Beim oligoanurischen ANV ist die Indikation zur
Dialyse besonders sorgfältig gegen den zu erwartenden Verlauf unter konservativer Therapie abzuschätzen. Vor allem beim kleinen und kritisch kranken Kind ist eine ausreichende Kalorienzufuhr häufig ohne Flüssigkeitsentzug durch Dialyse nicht möglich.
Kann man mittels konservativer Maßnahmen keine Stabilisierung erreichen, ist die Indikation zur
Dialyse gegeben, bestimmt durch Beurteilung des klinischen Zustands des Patienten und der Laborparameter.
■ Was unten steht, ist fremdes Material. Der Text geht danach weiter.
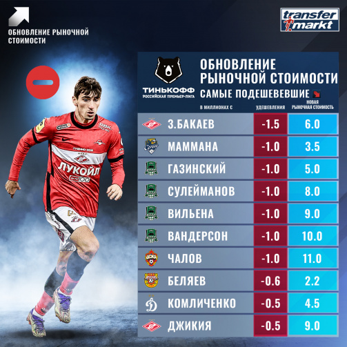 Защитник тульского «Арсенала» Максим Беляев попал в список самых подешевевших футболистов. По данным портала Transfermarkt, его стоимость упала на 600 000 евро и теперь составляет 2,2 млн евро.

Insbesondere eine lebensbedrohliche
Hyperkaliämie (<7 mmol) oder Hypervolämie (mit Lungenödem,
hypertensiver Krise) sind Indikationen zur raschen Dialysetherapie. Um Zeit bis zum Dialysebeginn zu gewinnen, kann versucht werden, durch Pufferung (Natriumbikarbonatgabe) sowie Infusionen von
Glukose/Insulin-Kombinationen,
Kalium nach intrazellulär zu verschieben sowie durch orale und rektale Zufuhr von Ionenaustauschharzen eine extrarenale Entfernung von Kalium durchzuführen.
Als Dialyseverfahren kommen
Hämodialyse,
Peritonealdialyse sowie kontinuierliche Hämofiltrationsverfahren zum Einsatz. Die derzeitige Datenlage erlaubt keinen Vergleich zwischen diesen drei
Nierenersatztherapien. Zumeist erfolgt bei primär renalem ANV bei größeren Kindern die Hämo- und bei kleineren die Peritonealdialyse. An Intensivstationen kommen zunehmend die kontinuierlichen Filtrationsverfahren zum Einsatz, die an vielen Zentren auch bereits bei sehr kleinen Kindern angewendet werden. Neben der Erfahrung der einzelnen Zentren spielt für die Auswahl des Verfahrens somit das Alter des Kindes, aber auch die Dringlichkeit des Therapiebeginns, die allgemeinen Kreislauf- und Gerinnungsverhältnisse sowie die voraussichtliche Dauer dieses Verfahrens eine Rolle. Der Einsatz der
Dialyse beim ANV des Frühgeborenen mit extrem niedrigem Geburtsgewicht ist derzeit Gegenstand aktueller Forschung.